# Xbox -Talk to me, i need to by one??!?!



## danwel (Feb 18, 2007)

I know we are only in July but i asked my son what he wanted for Christmas so i can start looking etc and he said he was after and Xbox and i think he said 360?!?!?

I am totally out of date on XBox's as i have always been a playstation man and the last thing i bought was a PS3 which i sold and i have a Wii U that i love to play on.

So Xbox owners hit me up, do i need a 360 or a one or is there a new model likely to be coming out in time for crimbo?

Ta


----------



## Kimo (Jun 7, 2013)

Xbox 360 is years old, it's the one he'll want 

Don't think there will be a new one for this xmas but they're getting cheaper all the time, saw one with 2 decent games for around £200 the other day


----------



## danwel (Feb 18, 2007)

Kimo said:


> Xbox 360 is years old, it's the one he'll want
> 
> Don't think there will be a new one for this xmas but they're getting cheaper all the time, saw one with 2 decent games for around £200 the other day


He mentioned 360 to be fair as his friends have one which i have no problem getting but don't want to be buying something that is gonna be or already about to be replaced.

is the Xbox one any good or i believe they are about to drop the one s ??


----------



## Kimo (Jun 7, 2013)

I'm not all that into them tbh though I do have a one.

I've always been a ps fanboy but think the Xbox is pretty good actually

Got mine around the beginning of the year for about £230 with forza and fifa


----------



## cossiecol (Jun 29, 2014)

Xbox one is the one you want, it's also backwards compatible (to the 360) for some games.


----------



## turbosnoop (Apr 14, 2015)

I always stay a bit behind with gaming. I still play the 360 occasionally. Games are dirt cheap now. Trouble is I struggle to get into anything but racing games. Used, on amazon market place is cheaper than used in my local games shops.
Plus, you don't have to que for an hour in a shop that smells of sweaty teenage boys , then find they've given you discs that look like they've been given to a cat as a scratching post


----------



## DrEskimo (Jan 7, 2016)

turbosnoop said:


> I always stay a bit behind with gaming. I still play the 360 occasionally. Games are dirt cheap now. Trouble is I struggle to get into anything but racing games. Used, on amazon market place is cheaper than used in my local games shops.
> Plus, you don't have to que for an hour in a shop that smells of sweaty teenage boys , then find they've given you discs that look like they've been given to a cat as a scratching post


Would look at PC gaming if cheap gaming is the aim mate. Get brand new titles for around £20 most of the time. I tend to buy games on sales though and they are rarely more than £10.

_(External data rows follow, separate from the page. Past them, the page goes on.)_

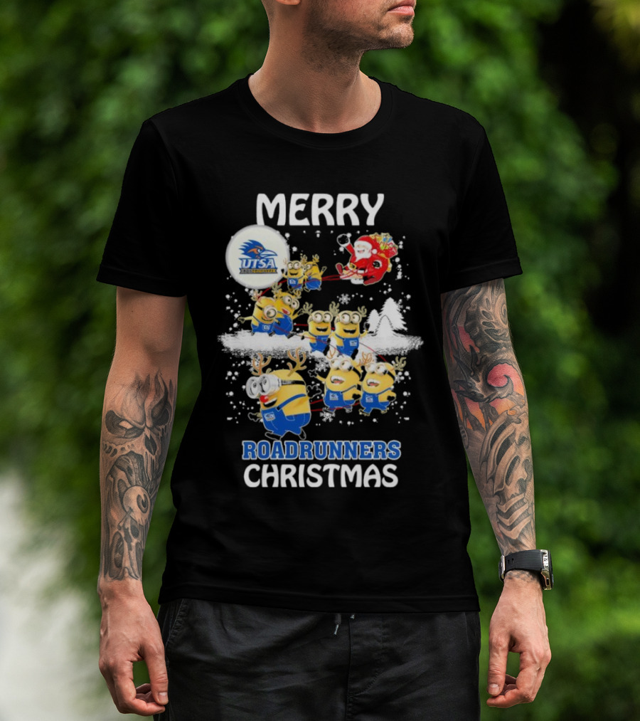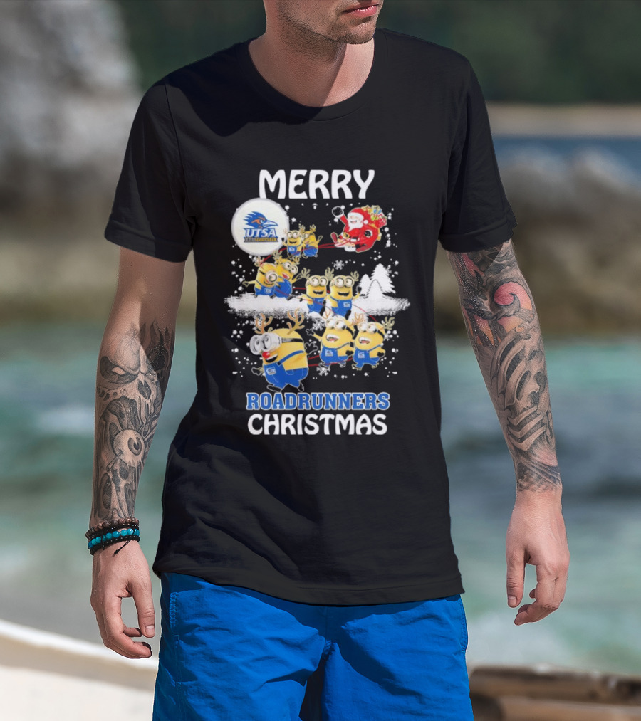 Merry UTSA Roadrunners Minions Christmas With Santa And Reindeer T-Shirt
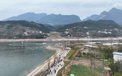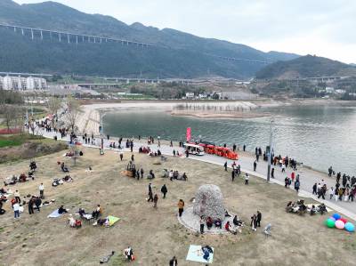 上午9时许,巴东县溪丘湾乡平阳坝村神农湖畔迎来一波波自驾游客,停车场一位难求。在环湖大道上,小吃店、水果摊位、新年饰品、空中观光、陆地小火车和观光车、水中快艇或荡舟或嬉戏、放风筝、自行车骑行、健步走、草坪娱乐、日光浴等等让人目不接暇,人气感直接拉满,每天游客接待量超5000人。
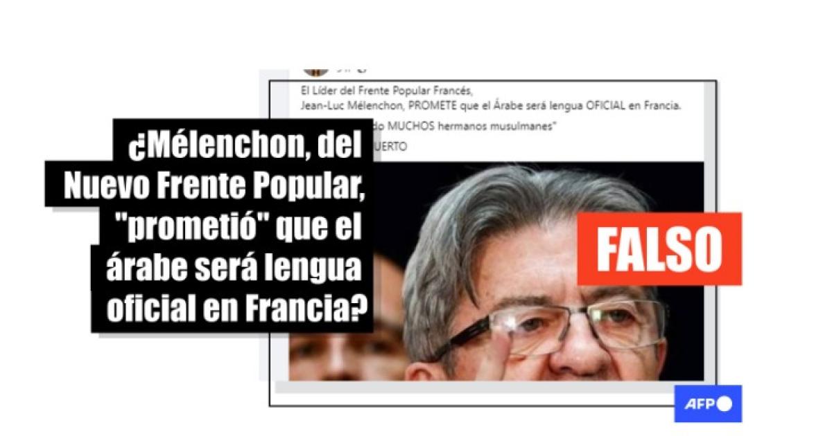 “El pleno festejo Jean-Luc Mélenchon promete que el árabe será lengua oficial en su país, porque ‘le votaron muchos musulmanes’”, se lee en publicaciones en Facebook y X.
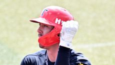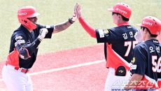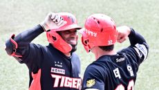24일 일본 오키나와 가데나 구장에서 열린 야구 대표팀과 KIA 타이거즈의 평가전. 카스트로가 투런포를 날린 뒤 환호하고 있다- 14시간전
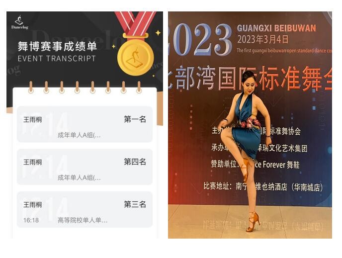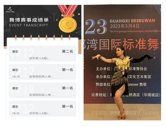 2023年3月4日,中国·广西首届北部湾国际标准舞全国公开赛在广西南宁正式开赛。由人文教育学院舞蹈表演专业(国标舞兼修)学生潘宏、丁小丫、王雨嫣、王雨桐组成的北海艺术设计学院国标舞代表队,在青年教师李晓飞和周琦涵的带领下出战,一举斩获8项冠军、2项亚军、2项季军、1项殿军。
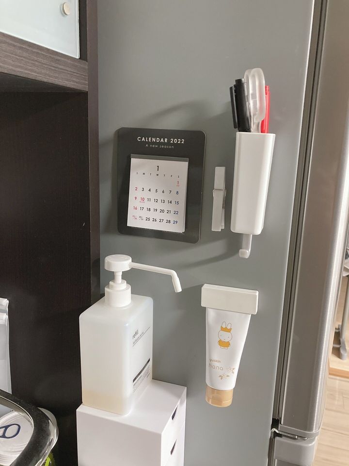 簡単に取り付けられるのに外れる心配もありません。冷蔵庫にピタッとくっつけておくと、使いたいときにサッと使えるのはすごく便利。チューブホルダーを付けたまま使えるのもいいですね。

And no subscription fees :thumb:

Initial outlay can be dearer (depending how pricey you want to go), but if you need a new computer anyway, then its a no brainer....


----------



## Clancy (Jul 21, 2013)

Xbox 360 is 10 years old, grab an xbox one. Backwards compatible for loads of games now


----------



## Nick-ST (Mar 4, 2013)

FYI there is the new Xbox One S coming out next week. So it will be worth hanging on for a bit just to see if the current models drop in price as shops will be wanting to get rid. Alternatively you could go for the new Xbox One S as it is capable of 4k gaming


----------



## DrEskimo (Jan 7, 2016)

Nick-ST said:


> FYI there is the new Xbox One S coming out next week. So it will be worth hanging on for a bit just to see if the current models drop in price as shops will be wanting to get rid. Alternatively you could go for the new Xbox One S as it is capable of 4k gaming


Worth noting the difference between the Xbox S and Xbox Scorpio. The S is not capable of 4K gaming (it can upscale 1080p to 4K, but thats very different). The Scorpio is said to support true native 4k gaming, but considering the price of a PC to support 4K at a decent framework is very expensive, don't expect it to be cheap. Doesn't seem to be much suggestion of when the Scorpio will be released.

Can you even get the Xbox S with flash storage...?


----------



## danwel (Feb 18, 2007)

Yeah i read about the Xbox one S so will keep an eye out as it is for crimbo so gives me time to get a good deal.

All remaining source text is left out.